Obama: Donald Trump’s nomination ‘says something’ about the Republican Party

Eight years ago, Donald Trump lead the birther movement against then President-elect Obama. Now, Donald Trump is the Republican nominee for president.

In a taped interview with CBS’ John Dickerson that aired Sunday on “Face the Nation,” Obama said that fact “says something about what’s happened to the Republican Party over the course of the last eight, 10, 15 years.”

He went on to say that past Republican leaders such as Bob Dole, Jim Baker, Howard Baker, Dick Lugar and Colin Powell were conservatives who “also understood that our system of government requires compromise, that Democrats weren’t the enemy, that the way our government works requires us to listen to each other.

“And that’s not the kind of politics that we’ve seen practiced,” Obama said.

- FWBP Digital Partners -

Obama also reiterated what he said in a news conference on Friday: that he doesn’t think the dark picture of America that Trump painted in his nomination speech is true, even in the wake of an attack on a Munich mall later that day that killed at least nine people.

“I think right now we’ve gone through a really tough month, and that happens sometimes,” Obama said, going on to say that crime rates are lower than when he took office, that immigration rates are lower than when Ronald Reagan was president and that, yes, there are some “serious” terrorist attacks but “the fact of the matter is the American people are significantly more safe now than they were before all the work we’ve done since 9/11.”

Sticking with that theme, Obama told Dickerson that in a lot of ways he’s more “hopeful” about the opportunities for people of color in the United States, citing his daughter’s easy relationships with white friends as an example.

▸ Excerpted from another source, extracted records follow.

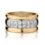 Ladies 14kt yellow and white gold diamond band featuring 12 x 1.07 carat total weight Round Brilliant cut diamonds of (SI) in clarity and (H-I) in color. 10mm (w). Size 6 3/4 but can be resized.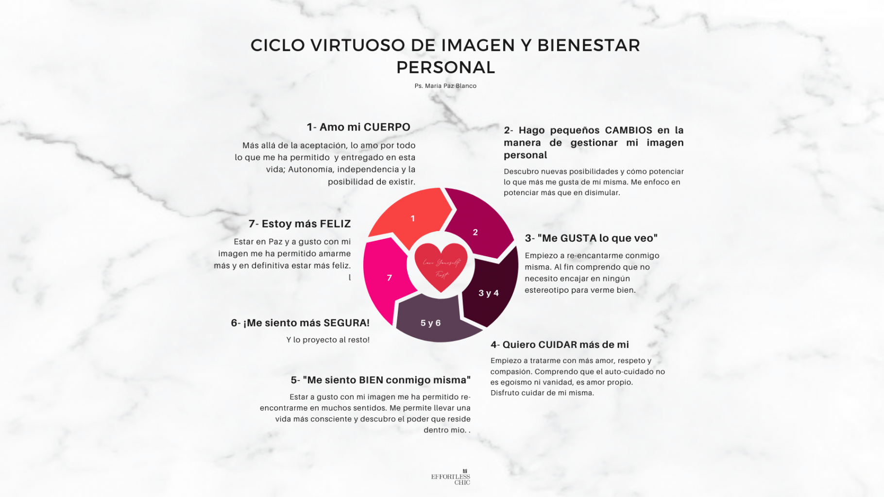 Llevo más de 6 años liderando este enfoque único en nuestro país que conjuga la Psicología con la Imagen personal y la Comunicación… Tras analizar y hacer seguimiento a los procesos y evolución de más de 500 clientas durante estos años puedo afirmar que todo proceso se basa en un ciclo virtuoso de bienestar personal.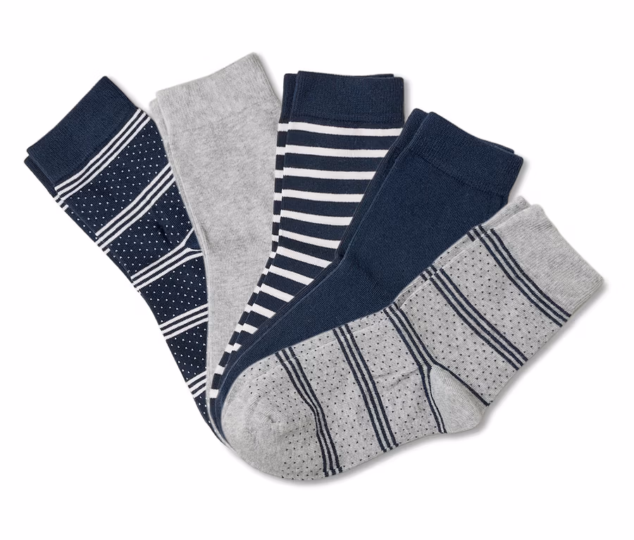 - 1x dunkelblau mit weißen Streifen und kleinem Einstrick, 1x grau meliert, 1x dunkelblau-weiß gestreift, 1x dunkelblau, 1x grau meliert mit dunkelblauen Streifen und kleinem Einstrick

“They have a common culture and a common language and common perspectives that were far more segregated even when I was growing up,” Obama said.

- Advertisement -

The advent of smartphones to capture police shootings of black men in places such as Minnesota and Louisiana has highlighted racial tensions that are not new, he said.

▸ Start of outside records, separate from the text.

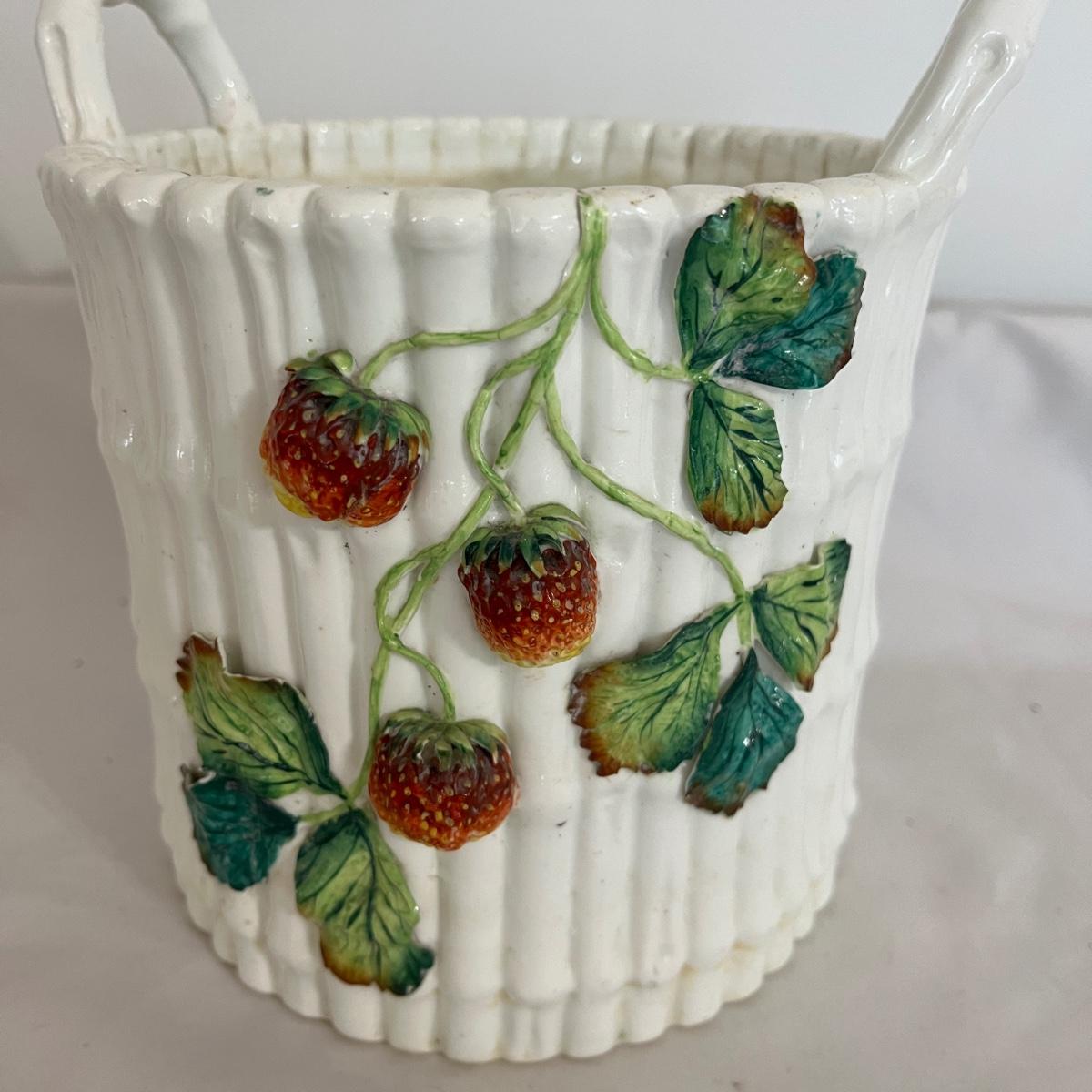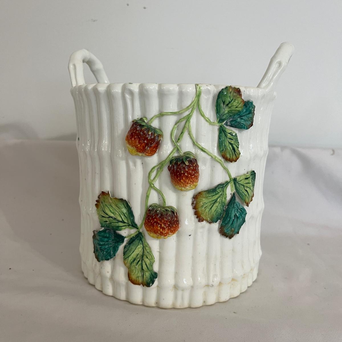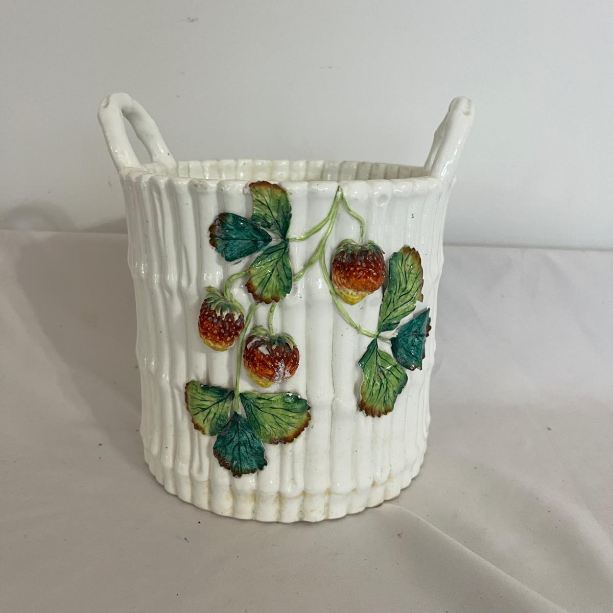 Lot includes a ceramic bamboo basket style canister with a strawberry vine motif that appears to be vintage. Piece measures 7”D x 8”H. One strawberry has chips. Please see pictures.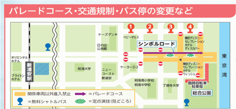 駐輪場は、総合公園周辺(東京ディズニーセレブレーションホテル:ウィッシュ側)に設置される臨時駐輪場が利用可能です。 新浦安駅周辺は専用駐輪場がないため、有料駐輪場のご利用になります。会場への直接の乗り入れは禁止されていますので注意してください。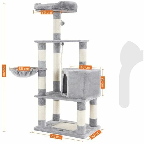 Avec une hauteur de 138 cm, l’arbre d’une hauteur amicale s’adapte bien aux félins pour jouer et s’allonger. Dimensions:55 x 40 cm, il offre beaucoup d’espace et s’adapte à toutes les pièces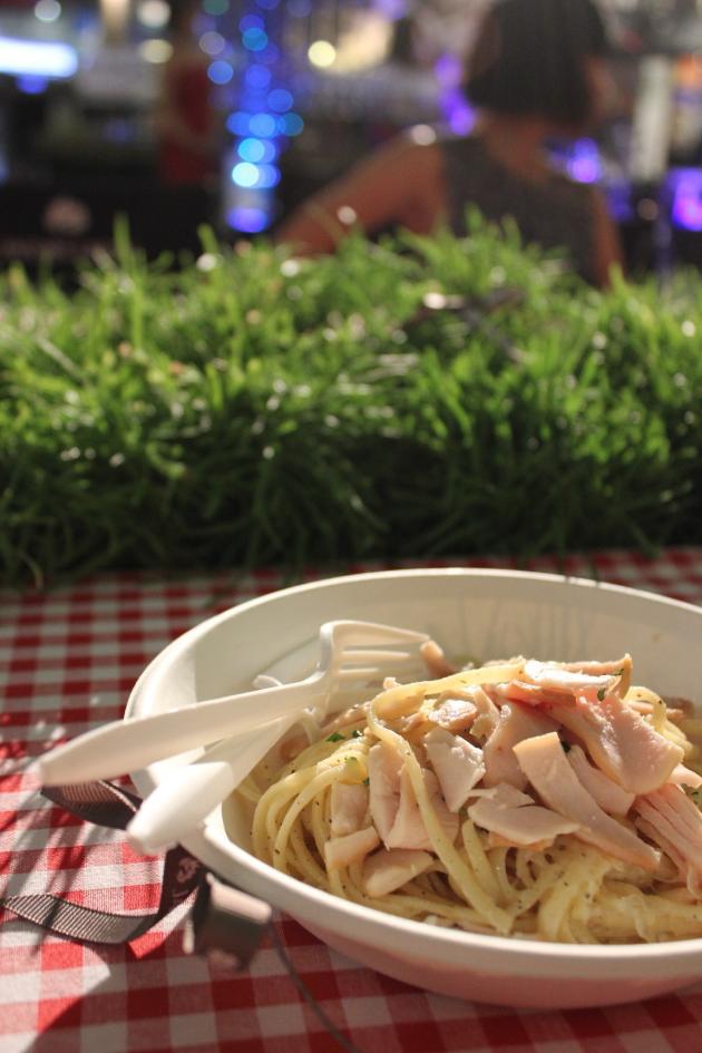 The set menu began with a smoked-salmon sandwich paired with Jacob’s Creek Sparkling Moscato White and smoked chicken cream-sauce linguini with Reserve Chardonnay Adelaide Hills.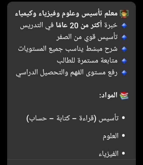 معلم خبير في التأسيس والعلوم والفيزياء والكيمياء لجميع المراحل متواجد في الرياض حي اليرموك أو النسيم حضوري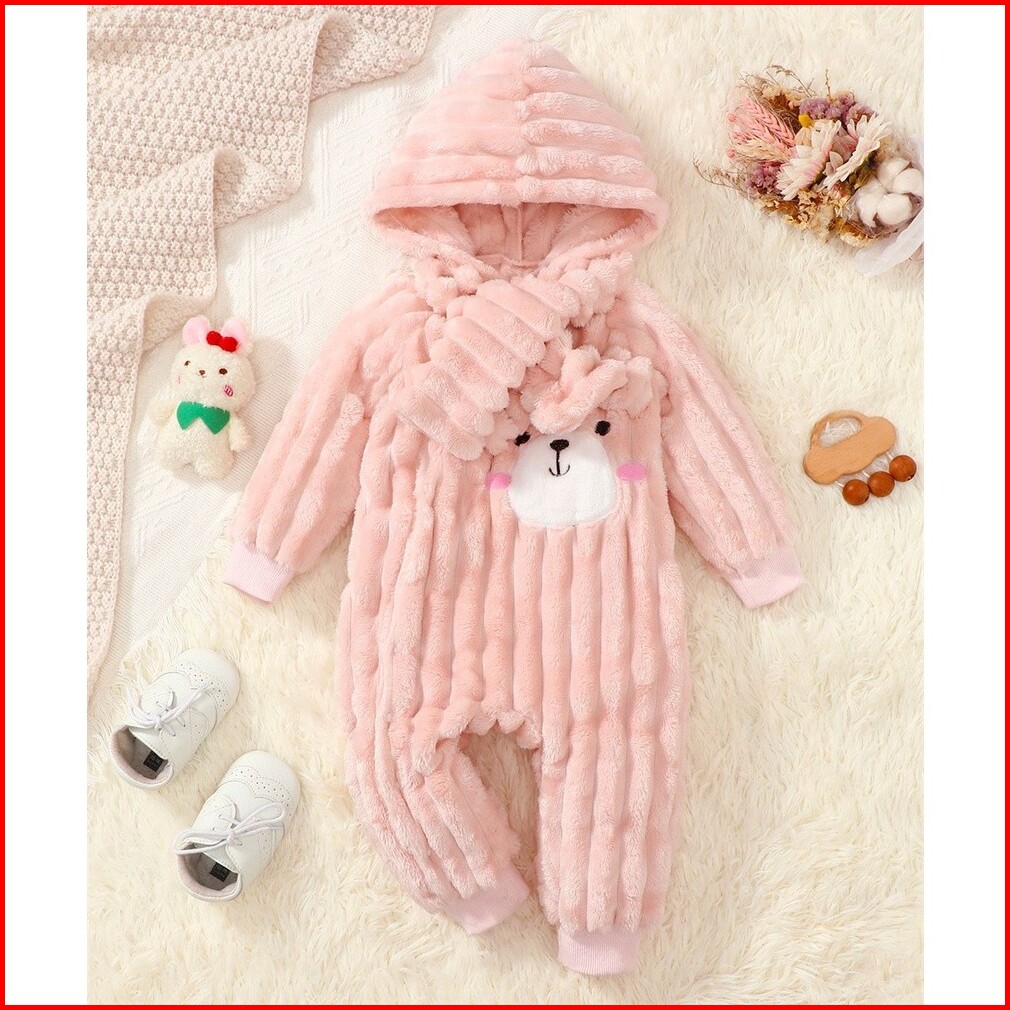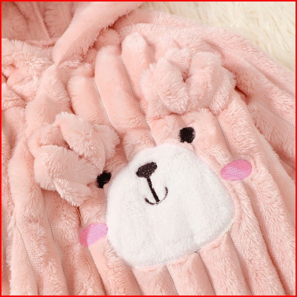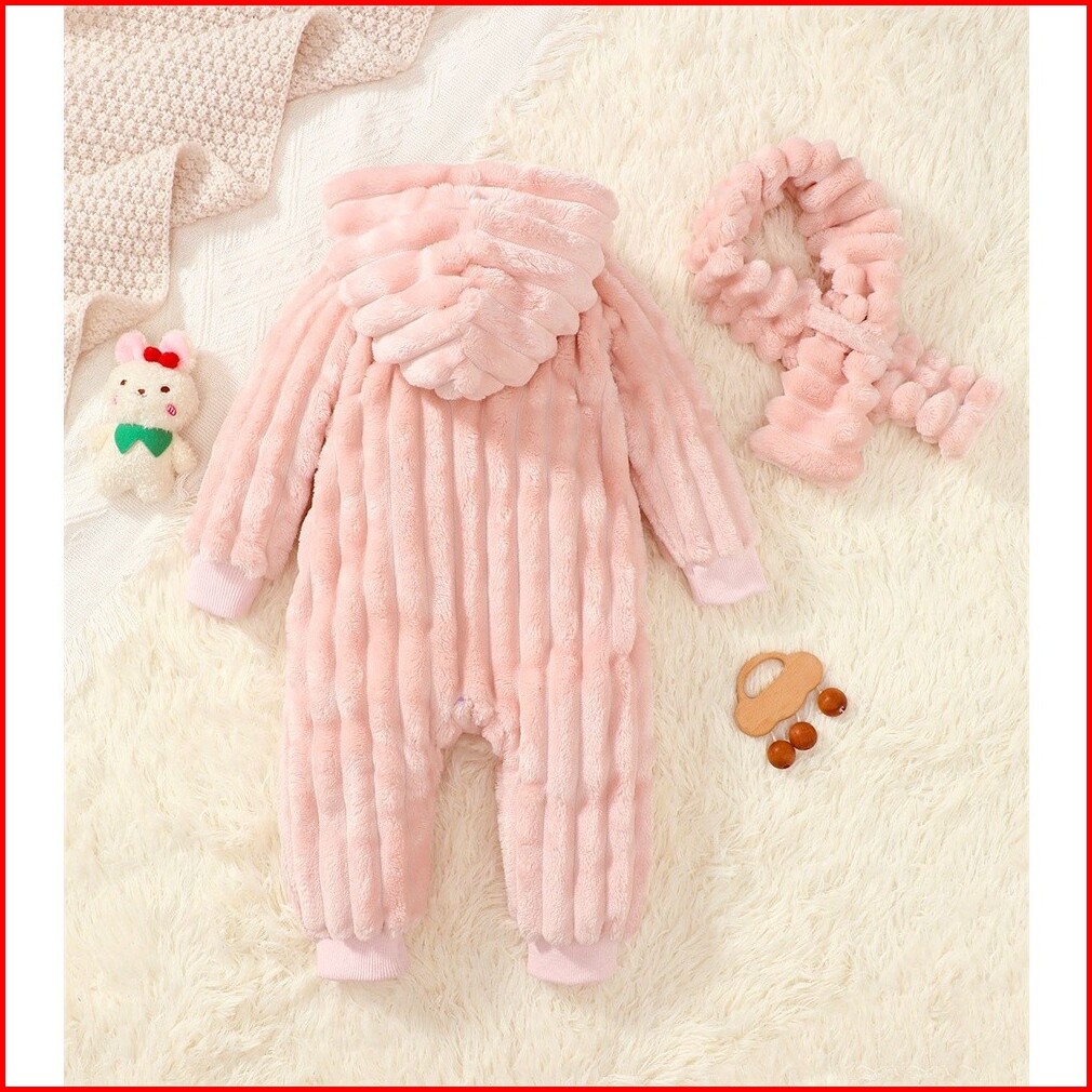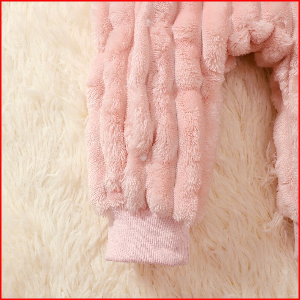 Mikdrdoo 1-24 Months Newborn Baby Girl 2pcs Clothes Set Pink Plush Rabbit Hooded Jumpsuit With Headwear Fashion Cute Bab

Obama again defended presumptive Democratic nominee Hillary Clinton’s use of a private email server, which the FBI has said was “extremely careless.”

“She would acknowledge she made a mistake,” Obama told Dickerson. “But what I also think is true is if you’ve been in the public eye for decades, at the highest level of scrutiny, folks are going to find some mistakes you’ve made.”

He said he understands better than most Clinton’s strengths and weaknesses: “She’s not flashy. There are better speech-makers,” he said. ” … But she knows her stuff, and more than anything, that is what is ultimately required to do a good job in this office.”